What to work on
The lines to reproduce from the material below are those from the one containing "Na týdenním grafu" through the one containing "天永学区(天坛-永定门学区)", both included; write them out exactly and add nothing.

Available data below:

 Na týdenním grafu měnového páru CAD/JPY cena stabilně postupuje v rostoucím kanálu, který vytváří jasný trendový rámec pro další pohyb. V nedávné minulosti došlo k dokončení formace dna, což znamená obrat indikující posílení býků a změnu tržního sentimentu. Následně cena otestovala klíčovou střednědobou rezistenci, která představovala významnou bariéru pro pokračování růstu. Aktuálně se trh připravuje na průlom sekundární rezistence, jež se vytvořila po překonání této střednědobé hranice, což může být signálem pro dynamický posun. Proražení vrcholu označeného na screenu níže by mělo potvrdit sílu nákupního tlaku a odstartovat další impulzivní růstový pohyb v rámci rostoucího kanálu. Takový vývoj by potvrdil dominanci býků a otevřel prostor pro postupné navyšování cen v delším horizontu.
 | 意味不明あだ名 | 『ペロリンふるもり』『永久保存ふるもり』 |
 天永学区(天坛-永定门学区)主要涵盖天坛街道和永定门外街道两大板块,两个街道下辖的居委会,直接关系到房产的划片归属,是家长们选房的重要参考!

End of Available data.
Available data below:

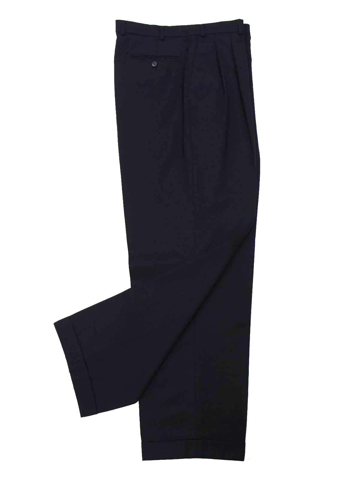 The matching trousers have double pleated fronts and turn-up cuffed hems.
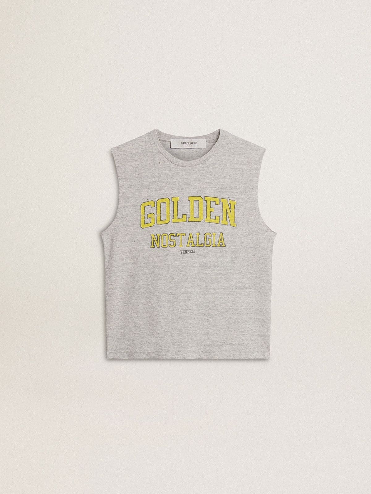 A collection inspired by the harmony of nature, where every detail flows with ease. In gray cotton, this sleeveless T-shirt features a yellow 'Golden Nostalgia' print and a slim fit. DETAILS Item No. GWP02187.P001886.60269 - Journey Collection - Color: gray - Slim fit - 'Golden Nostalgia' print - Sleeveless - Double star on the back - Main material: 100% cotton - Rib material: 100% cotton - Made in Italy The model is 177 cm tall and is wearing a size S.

End of Available data.

Completed task
 Na týdenním grafu měnového páru CAD/JPY cena stabilně postupuje v rostoucím kanálu, který vytváří jasný trendový rámec pro další pohyb. V nedávné minulosti došlo k dokončení formace dna, což znamená obrat indikující posílení býků a změnu tržního sentimentu. Následně cena otestovala klíčovou střednědobou rezistenci, která představovala významnou bariéru pro pokračování růstu. Aktuálně se trh připravuje na průlom sekundární rezistence, jež se vytvořila po překonání této střednědobé hranice, což může být signálem pro dynamický posun. Proražení vrcholu označeného na screenu níže by mělo potvrdit sílu nákupního tlaku a odstartovat další impulzivní růstový pohyb v rámci rostoucího kanálu. Takový vývoj by potvrdil dominanci býků a otevřel prostor pro postupné navyšování cen v delším horizontu.
 | 意味不明あだ名 | 『ペロリンふるもり』『永久保存ふるもり』 |
 天永学区(天坛-永定门学区)主要涵盖天坛街道和永定门外街道两大板块,两个街道下辖的居委会,直接关系到房产的划片归属,是家长们选房的重要参考!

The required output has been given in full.